▸ **Problem to solve**: The answer consists solely of the lines running from the one with "A Guiseppe Armani" through the final line below, transcribed exactly and without any pictures.

Records to use section start

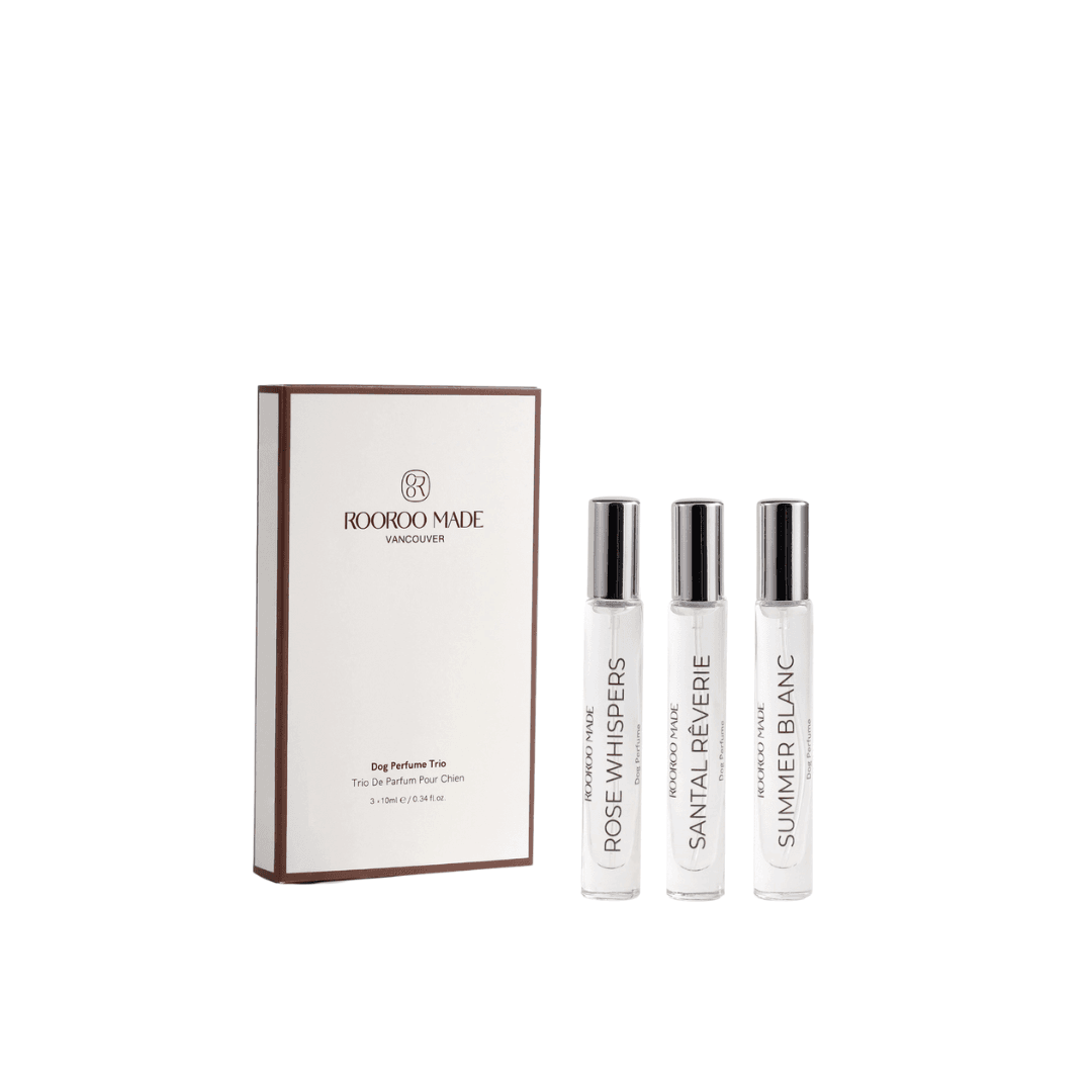 Drie keer verwennerij in één set. Ontdek het ROOROO MADE parfum trio: een stijlvolle set met drie handgemaakte hondenparfums in handige 10 ml flacons. Perfect om de geuren uit te proberen, af te wisselen of cadeau te doen! Elk flesje is gevuld met een unieke geurbeleving, met zorgvuldig gekozen ingrediënten die veilig en alcoholvrij zijn – speciaal voor honden. Laat je hond stralen met florale frisheid, fruitige elegantie of warme houttonen, allemaal met liefde gecreëerd in Vancouver, Canada.
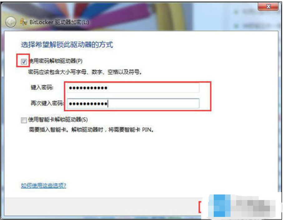 2、勾選使用密碼解鎖驅(qū)動(dòng)器,輸入密碼,點(diǎn)擊下一步。
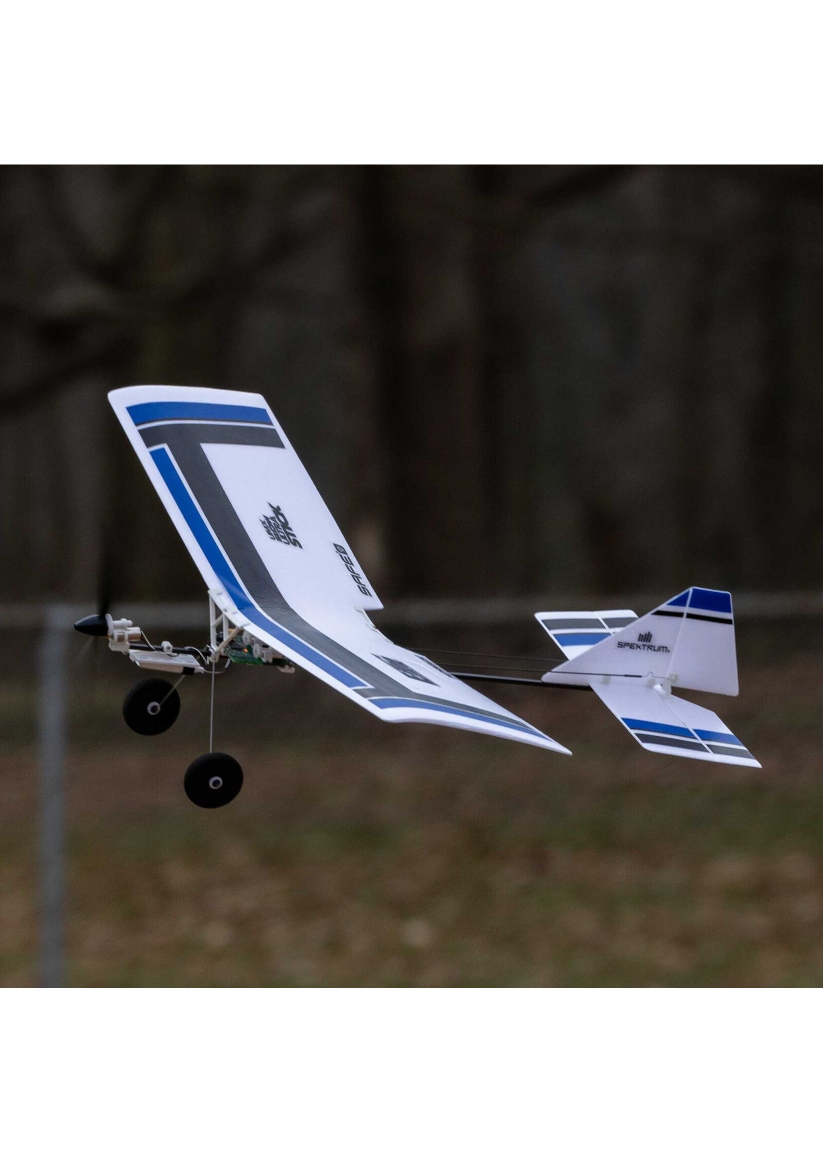 The Ready-To-Fly (RTF) version includes everything needed to fly in one box and is a perfect choice if you're looking for maximum convenience and value. From the Spektrum SLT6 2.4GHz transmitter you can use with other Bind-N-Fly® (BNF) Basic aircraft compatible with SLT FHSS technology to the 1S 150mAh LiPo battery and a convenient USB charger that can be used with a variety of power sources, there's nothing extra you need to buy or provide! A BNF Basic version is also available for pilots who want to use their favorite Spektrum DSMX-equipped transmitter along with batteries and chargers they may already own. Both versions include exclusive AS3X® and optional-use SAFE® Select technologies, plus a reliable power system featuring a “pop off” prop saver design, a control unit including an ESC, servos, and a dual-protocol (DSMX and SLT FHSS) receiver that are factory-installed in the lightweight yet durable airframe that’s nearly ready to fly right out of the box. Simply install the wing by quickly and easily snapping it into place and you can be flying in almost no time!
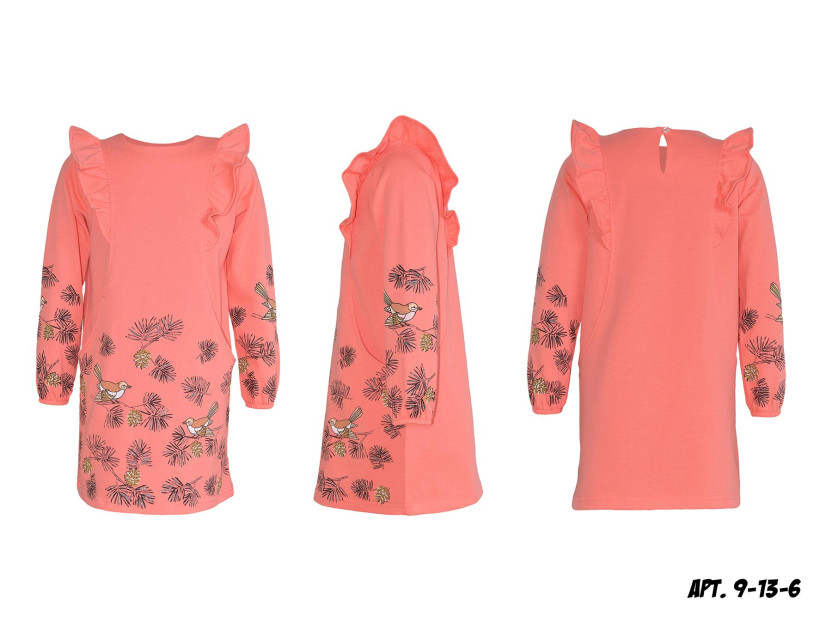 Платье выполнено из качественного кулирного полотна (100% хлопок). Модель прямого силуэта, декорирована оригинальным принтом и рюшей ,застёжка по спинке на пуговицу. Такое платье идеально подойдёт для прогулок, школы, детского сада и как повседневный вариант.
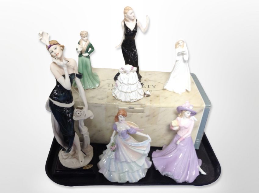 A Guiseppe Armani Florence figure of a lady in box together with several other Royal Doulton, Worcester and Coalport ladies
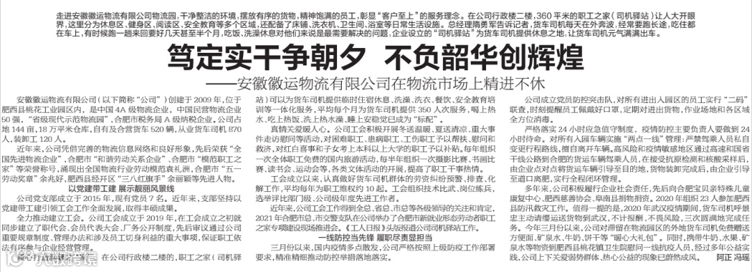 近年来,公司工会工作得到全总、省总、市总等各级领导的关注和肯定,2021年合肥市总、市交警支队在公司举办了合肥市新就业形态劳动者职工之家专项建设现场推进会。《工人日报》头版报道公司司机驿站工作。

Records to use section end

▸ **Your response**:
 A Guiseppe Armani Florence figure of a lady in box together with several other Royal Doulton, Worcester and Coalport ladies
 近年来,公司工会工作得到全总、省总、市总等各级领导的关注和肯定,2021年合肥市总、市交警支队在公司举办了合肥市新就业形态劳动者职工之家专项建设现场推进会。《工人日报》头版报道公司司机驿站工作。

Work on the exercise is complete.